Data shown:
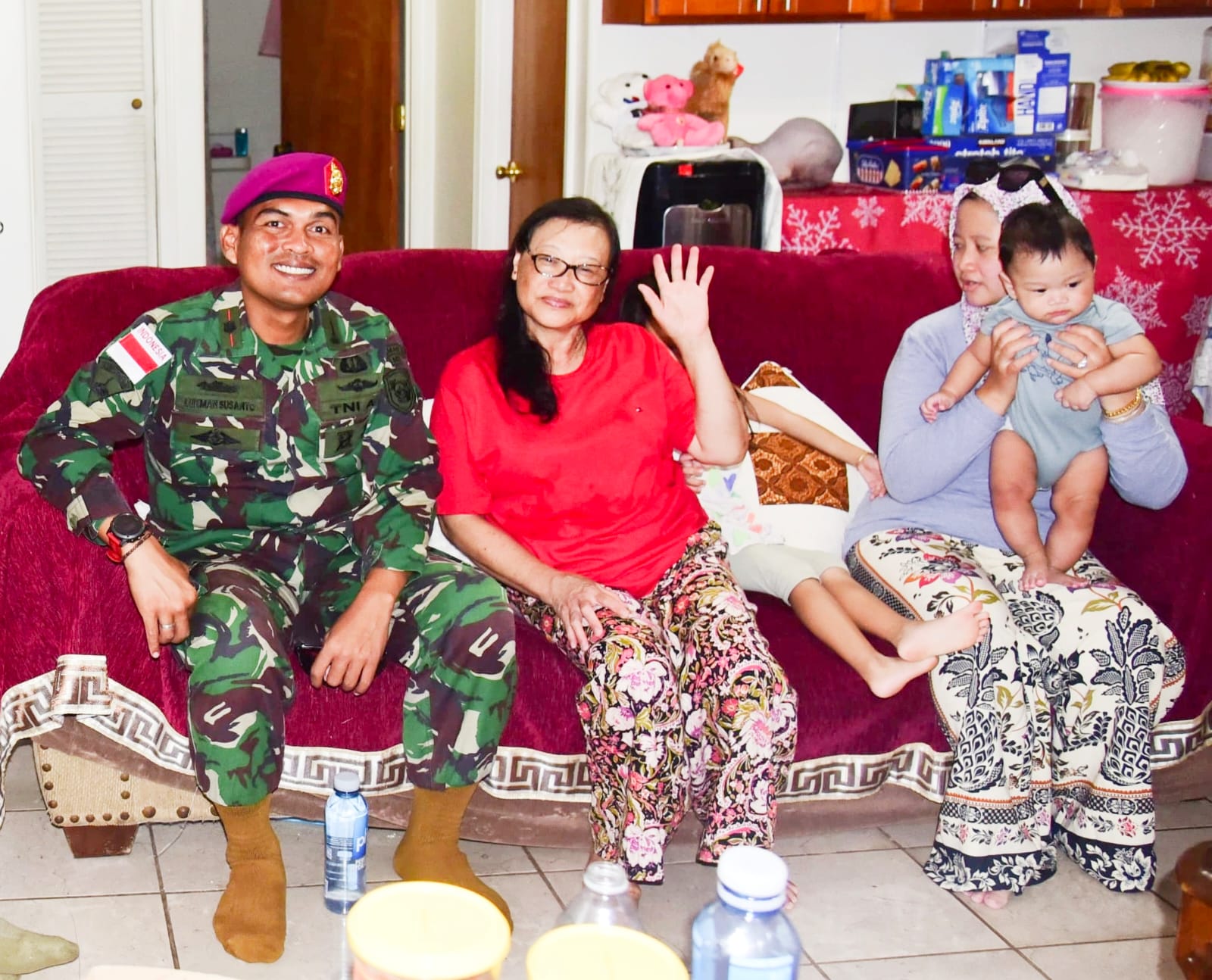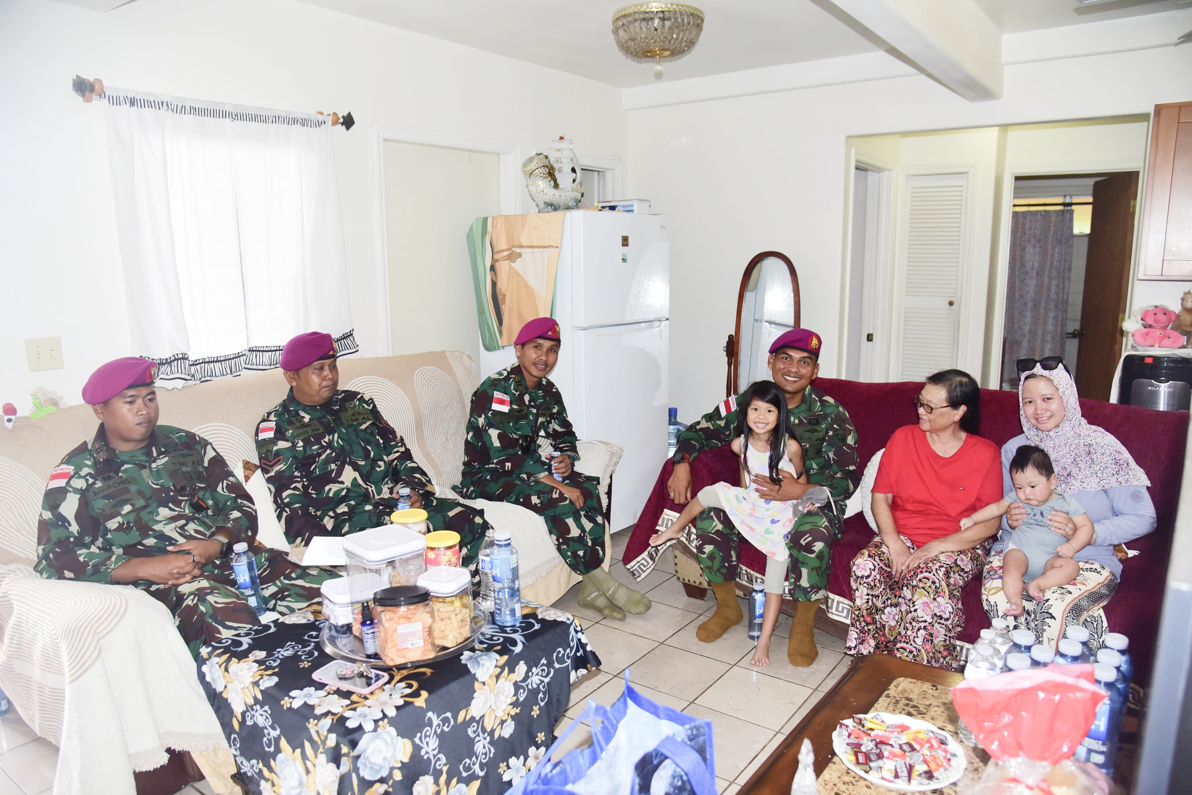 Dispen Kormar TNI Angkatan Laut (Hawaii). Sebelum kembali ke Indonesia Prajurit petarung Korps Marinir TNI Angkatan Laut yang tergabung dalam Satgas Latma Multilateral Rim of The Pacific (Rimpac) 2024, melaksanakan Anjangsana di kediaman Ibu Siti Fatimah, Warga Negara Indonesia yang menetap di Hawaii, Amerika Serikat, Rabu (31/07/2024).
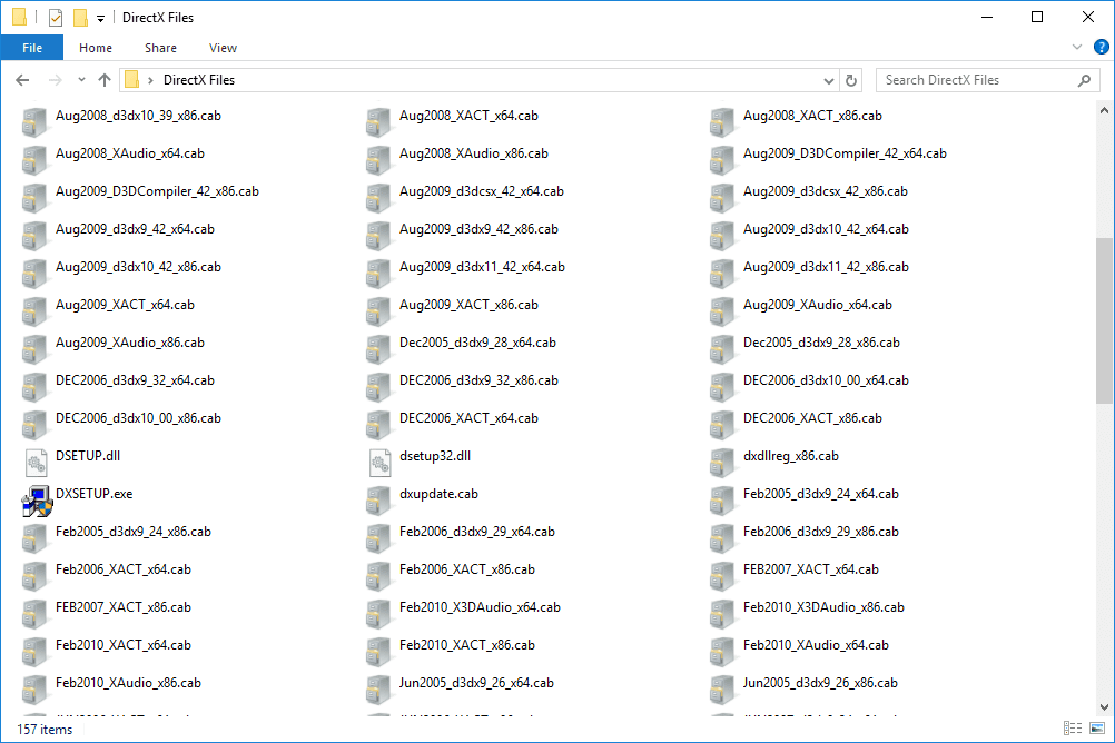 Відкрийте створену раніше папку, щоб знайти велику кількість файлів CAB, кілька файлів DLL та папку dxsetup.exe.
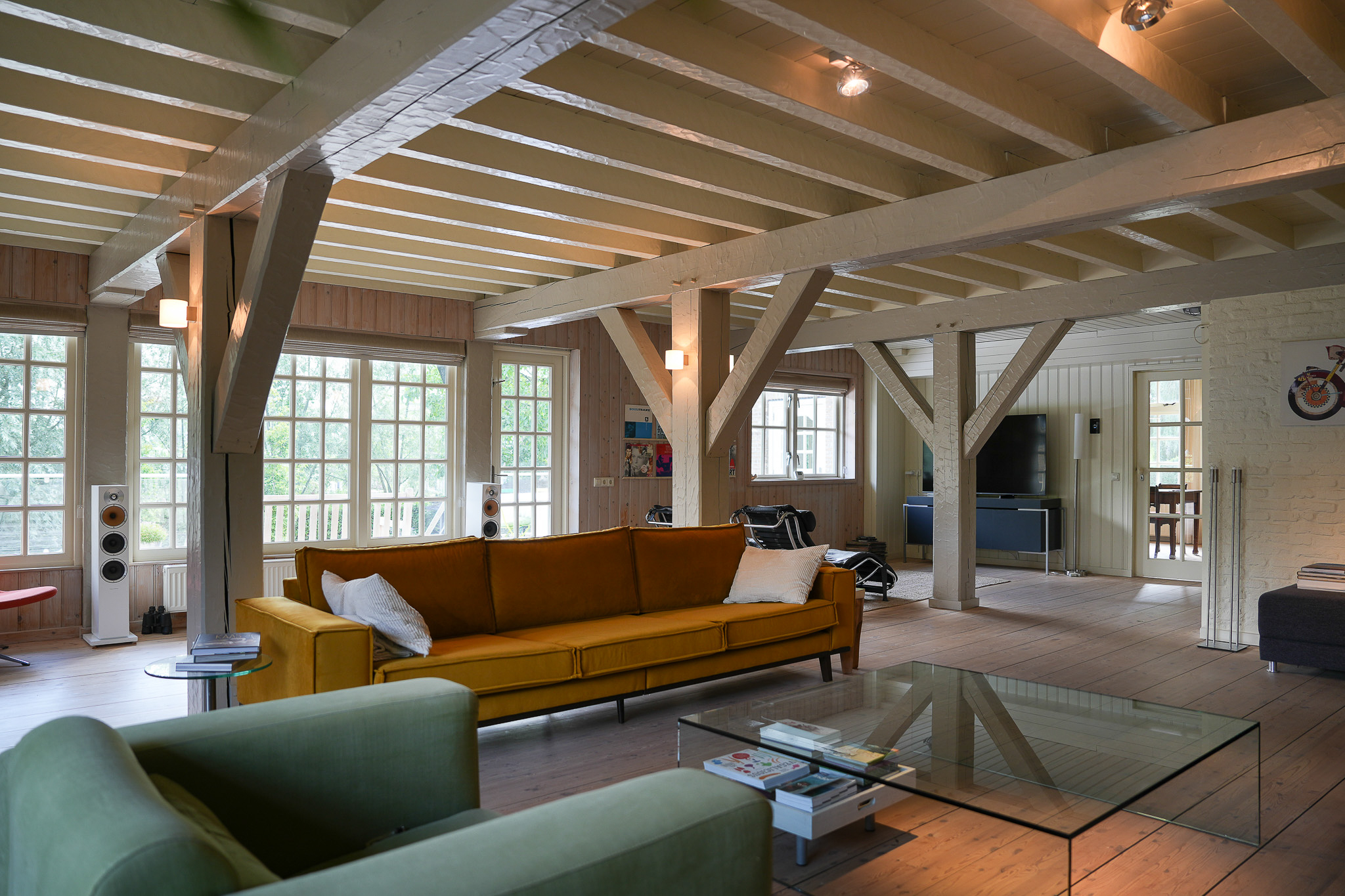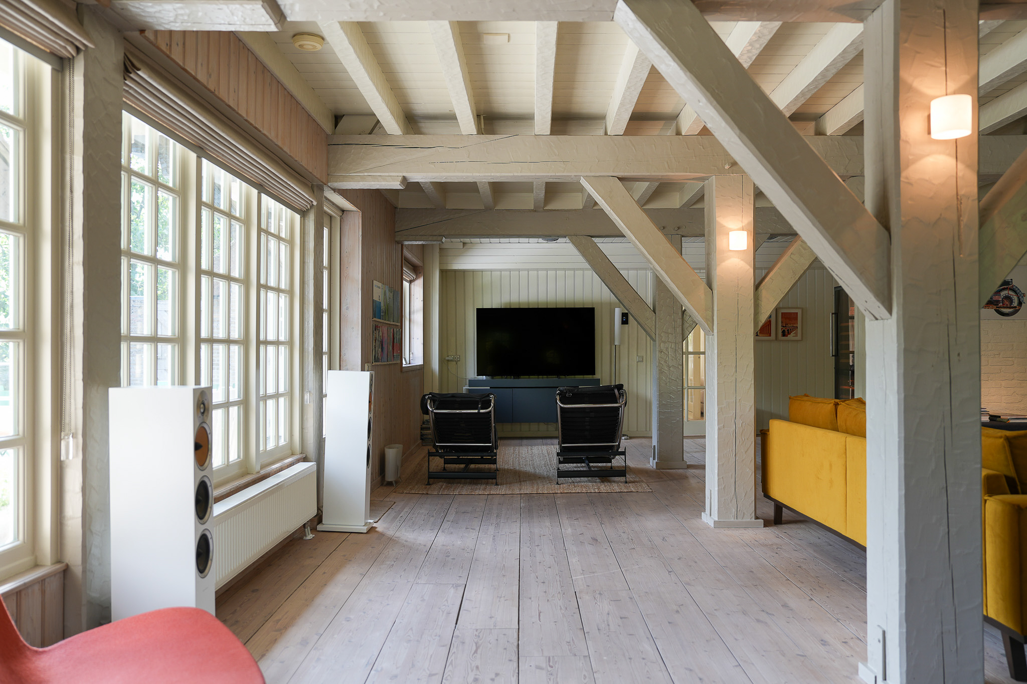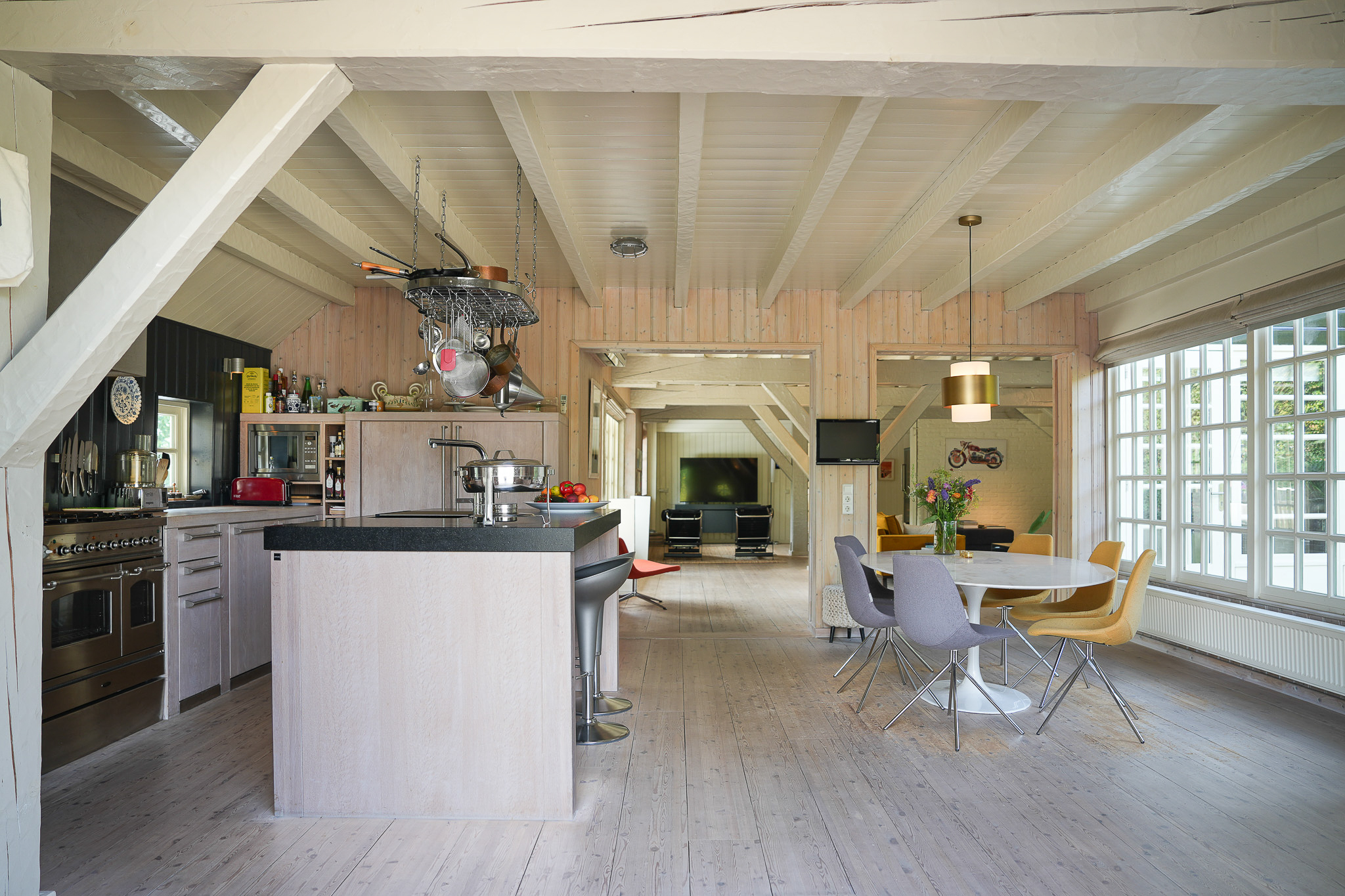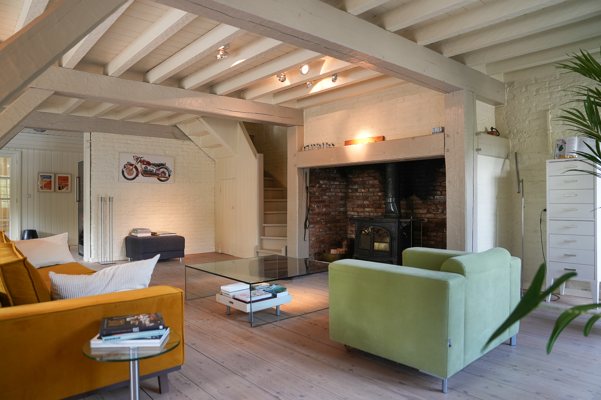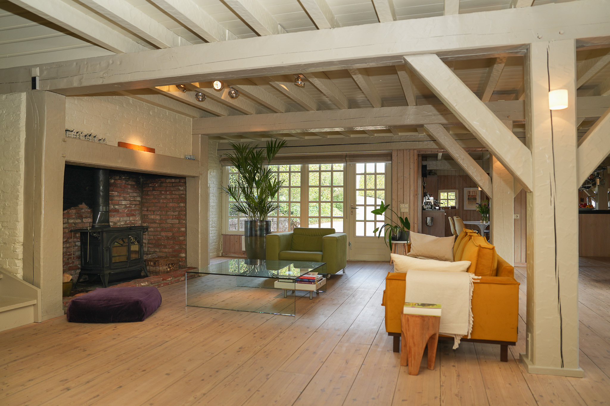 The entrance is located at the rear, by the elevated hardwood terrace. Through wide French doors with mullioned windows, you enter the impressive living space, where broad floorboards, a wood-fired stove, and large windows create a warm atmosphere.

Task item: Reproduce the material exactly; keep pictures out.

Answer for this exercise:
 Dispen Kormar TNI Angkatan Laut (Hawaii). Sebelum kembali ke Indonesia Prajurit petarung Korps Marinir TNI Angkatan Laut yang tergabung dalam Satgas Latma Multilateral Rim of The Pacific (Rimpac) 2024, melaksanakan Anjangsana di kediaman Ibu Siti Fatimah, Warga Negara Indonesia yang menetap di Hawaii, Amerika Serikat, Rabu (31/07/2024).
 Відкрийте створену раніше папку, щоб знайти велику кількість файлів CAB, кілька файлів DLL та папку dxsetup.exe.
 The entrance is located at the rear, by the elevated hardwood terrace. Through wide French doors with mullioned windows, you enter the impressive living space, where broad floorboards, a wood-fired stove, and large windows create a warm atmosphere.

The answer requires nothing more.